A design goal of the original BNC project was that it should not be delivered in a format which was proprietary or which required the use of any particular piece of software. This, together with the desire to conform to emerging international standards, was a key factor in determining the choice of SGML as the vehicle for the corpus interchange format. Six years after this decision, SGML is still a widely used international standard format for which many public domain and commercial utilities exist. Indeed, in the shape of XML, which is a simplified version of the original standard, SGML now dominates development of the world wide web, and hence of most sectors of the information processing community. New XML software appears almost every week, and it has been adopted by current `major players' from Sun and IBM to Microsoft.

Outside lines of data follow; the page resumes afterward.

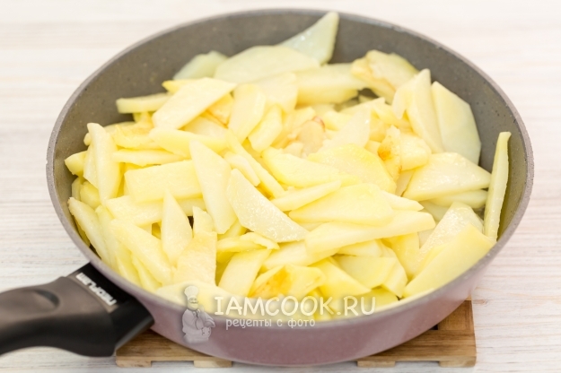 Я кладу на сковороду сразу много картошки - мне нравится, когда снизу она поджаривается, а верхняя, пропитываясь жаром снизу, становится мягкой и нежной, как паровая.
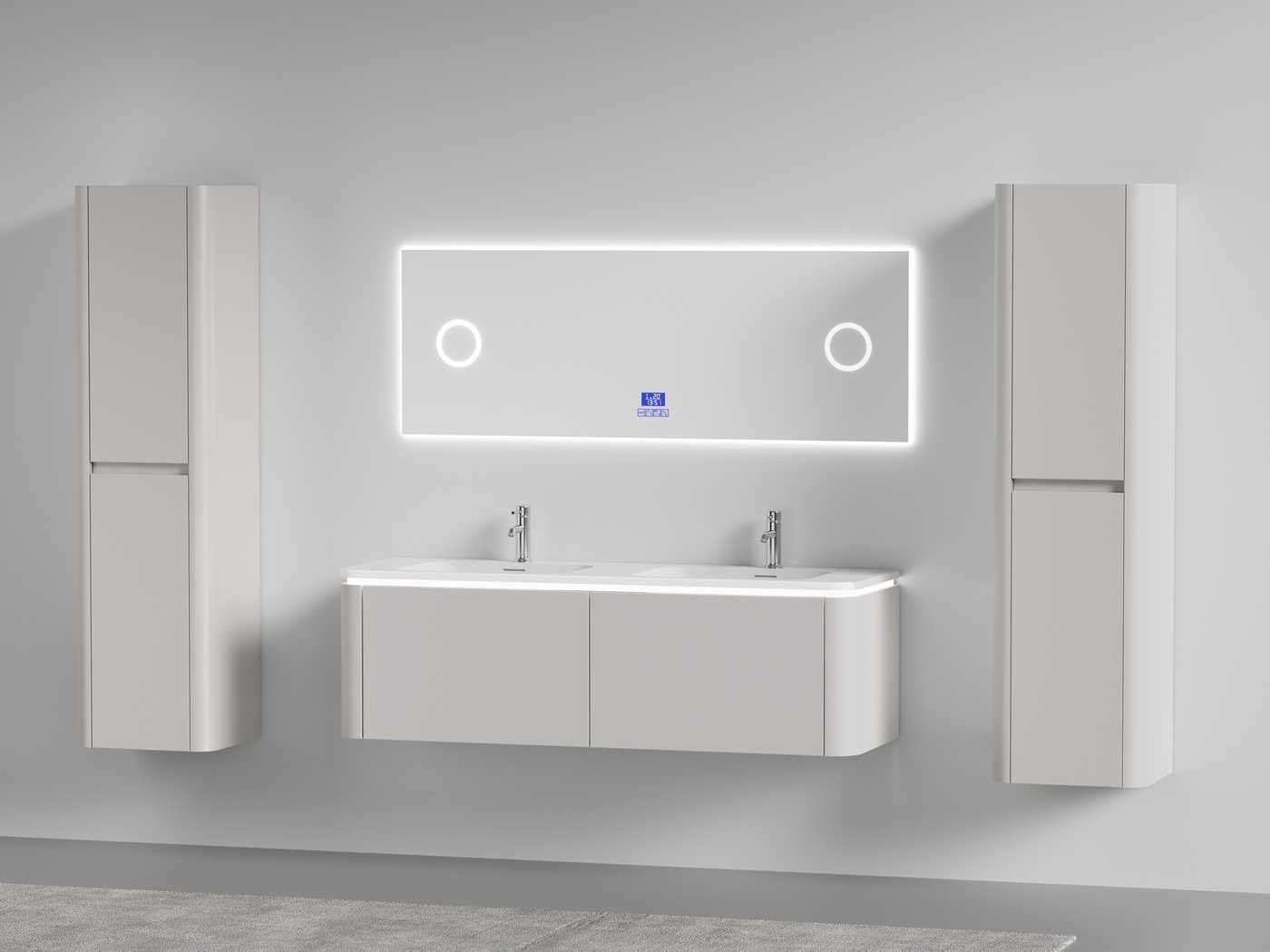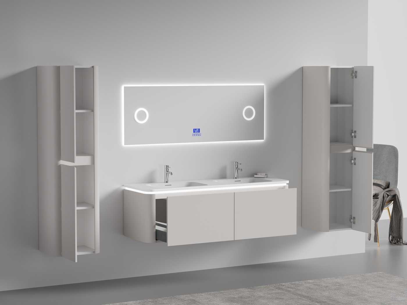 Type: BOSTON1401-TA. Afmetingen Complete set: 1 * Wastafelmeubel - 1400x455x400mm, 1 * Dubbele wasbak - 1405x460x190mm, 2 * Zijkast - 1500x350x350mm, 1 * Spiegel- 1400x600mm. Voorzien van: LED verlichting in onderkast - 2 kranen inclusief pop-up afvoer – 2 lades - Softclose lade systeem - LED spiegel met anti-fog systeem - Voorgemonteerde zijkasten en wastafelmeubel. Bezorgtermijn 14 dagen Merk: Vonato Model: Veyra 140 Product type: 2-Persoons 140 cm Hoogte: 40cm Lengte: 46cm Materiaal: Melamine, MDF, metaal Kleur: Taupe Kraan: Inclusief 2 kranen Wastafel: Inclusief dubbele wastafel Waskom: 0 Spiegelkast: Nee Spiegel: Ja Spiegel met verlichting: Ja Verlichting: Ja Onderkast: Ja Lades: 2 Bevestigingsmateriaal: Ja
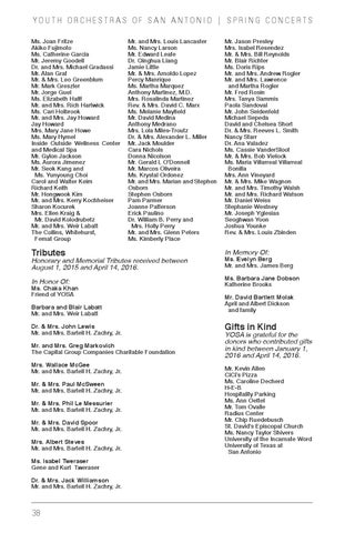 Honorary and Memorial Tributes received between August 1, 2015 and April 14, 2016. Ms. Chaka Khan Friend of YOSA Barbara and Blair Labatt Mr. and Mrs. Weir Labatt Dr. & Mrs. John Lewis Mr. and Mrs. Bartell H. Zachry, Jr. Mr. and Mrs. Greg Markovich The Capital Group Companies Charitable Foundation Mrs. Wallace McGee Mr. and Mrs. Bartell H. Zachry, Jr. Mr. & Mrs. Paul McSween Mr. and Mrs. Bartell H. Zachry, Jr. Mr. & Mrs. Phil Le Messurier Mr. and Mrs. Bartell H. Zachry, Jr. Mr. & Mrs. David Spoor Mr. and Mrs. Bartell H. Zachry, Jr. Mrs. Albert Steves Mr. and Mrs. Bartell H. Zachry, Jr. Ms. Isabel Tweraser Gene and Kurt Tweraser Dr. & Mrs. Jack Williamson Mr. and Mrs. Bartell H. Zachry, Jr.
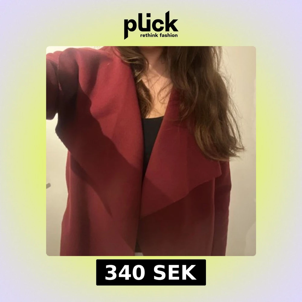 Snygg vinröd kappa med omlottkrage och bälte i midjan. Jackan har en stilren design med långa ärmar och mjukt tyg som ger en skön känsla. Perfekt för dig som vill ha en trendig look under höst och vinter.
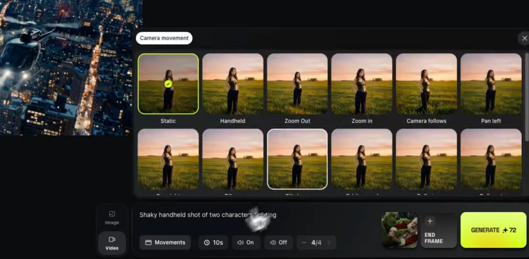 虚拟摄影包中包含ARRI Alexa 35、Red V-Raptor、IMAX胶片摄影机等6种专业电影摄影机,Panavision C系列、Canon K-35、Hawk V-Lite等11种镜头,4种焦距,3种光圈。为使生成图像更具“电影感”,Higgsfield开发了一套内置18种电影级复杂镜头运动的预设,包括推进(Dolly In)、拉出(Dolly Out)、无人机镜头(Drone Shot)、360度旋转(360 Roll)等。
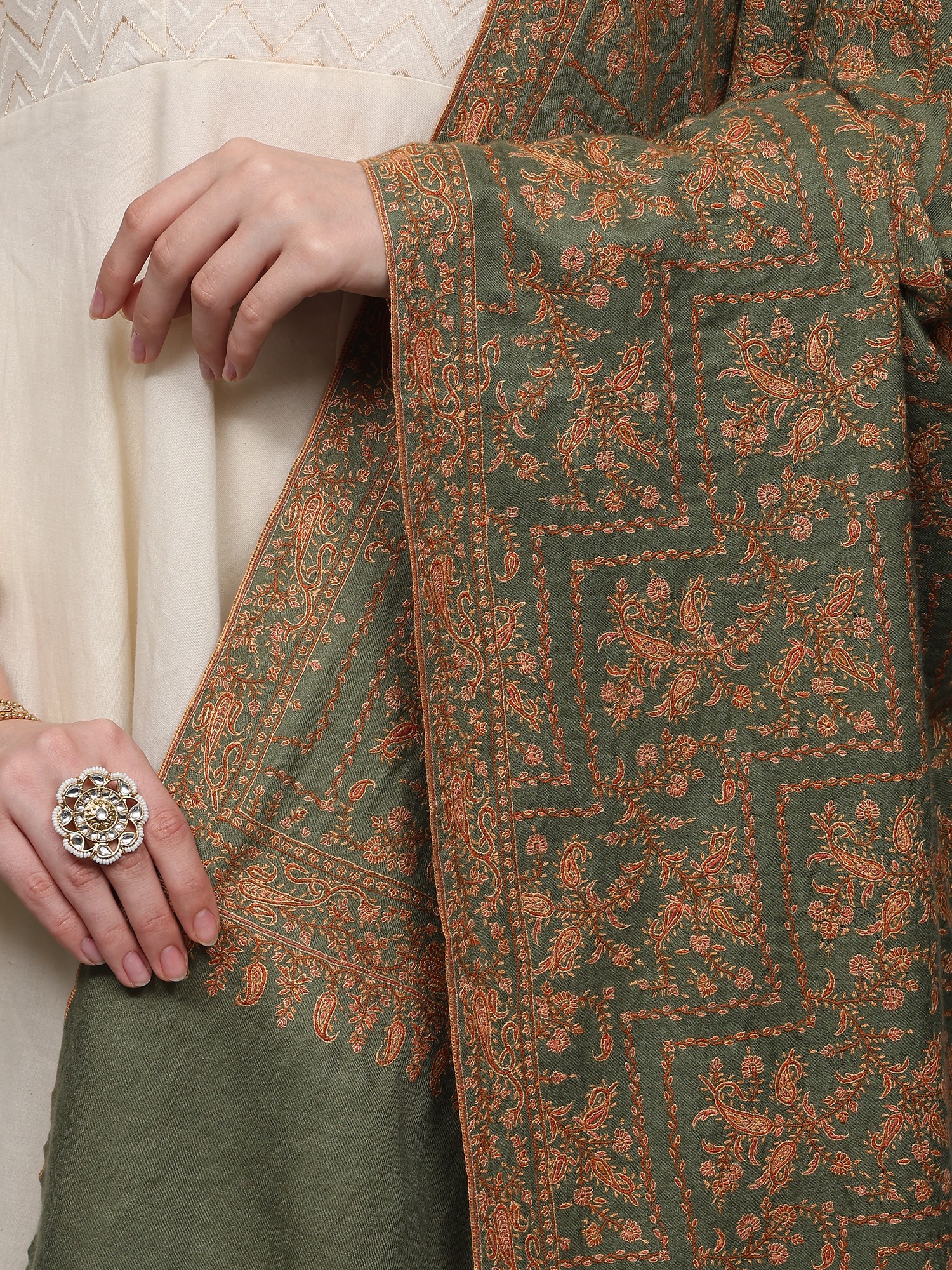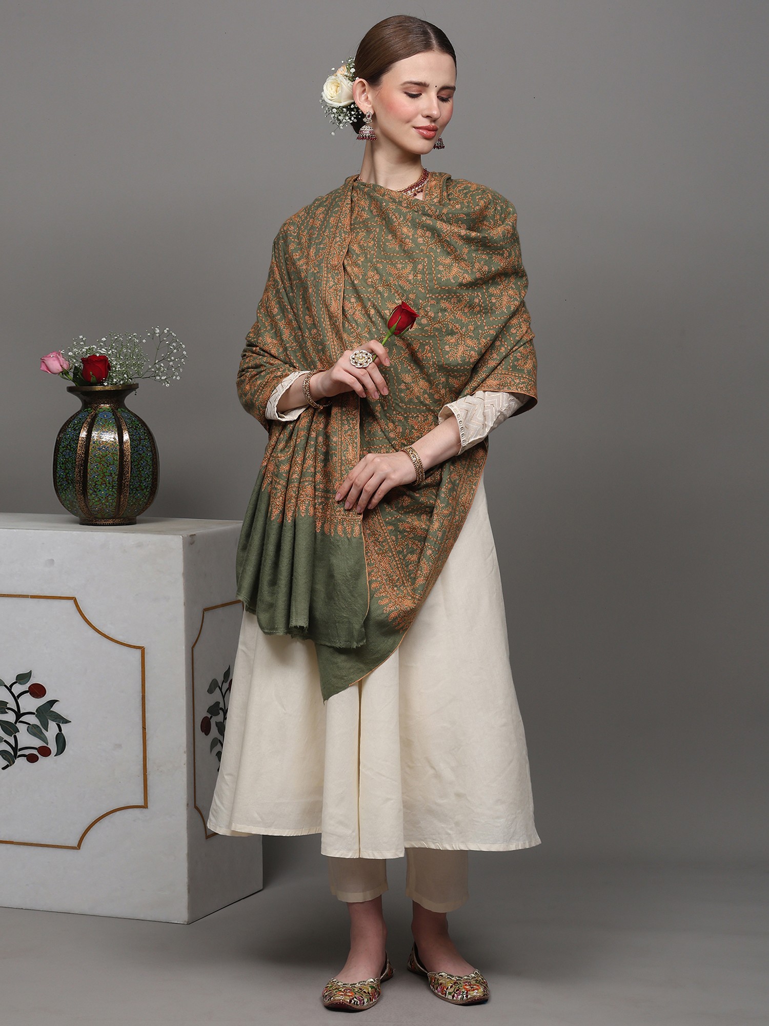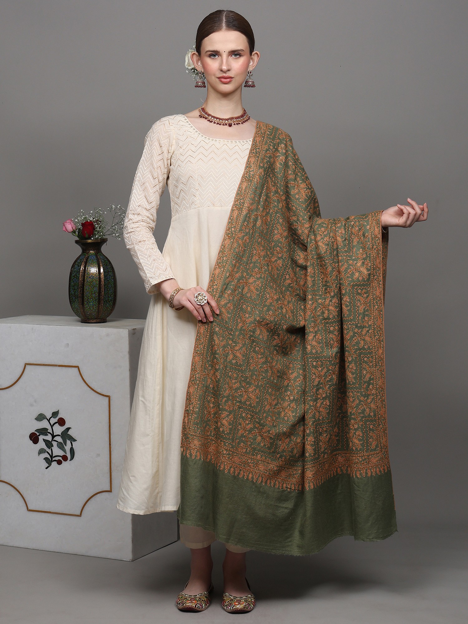 This is an alluring piece of Mineral-Green Kashmiri Shawl with Sozni Embroidered Paisleys. Sozni, a traditional Kashmiri hand-embroidery technique, adds a touch of opulence to this shawl. Its origins trace back to the Mughal era, cherished for its intricacy. The paisley motif, synonymous with Kashmiri art, tells a story of elegance. Today, this design harmoniously blends with contemporary fashion, making a bold statement. The mineral-green hue evokes serenity, while the meticulously embroidered paisleys showcase the unparalleled skills of Kashmiri artisans. Wearing this shawl is like draping yourself in history, a tribute to craftsmanship that has endured centuries.

That said, it must be recognised that the requirements of corpus linguists and others wishing to make use of the BNC are often rather specialist, and therefore unlikely to be supported by mainstream commercially produced software. For this and other reasons, the research user of the BNC should expect to have to do some programming. This is another reason behind the choice of SGML or XML as a vehicle for the system: because of the wide take up of these formalisms, there exist many utility libraries and generic programming interfaces which greatly simplify such processes as extracting the tags from a file, selecting portions of the text according to its logical structure, picking out files with certain attributes by searching their headers, and so on.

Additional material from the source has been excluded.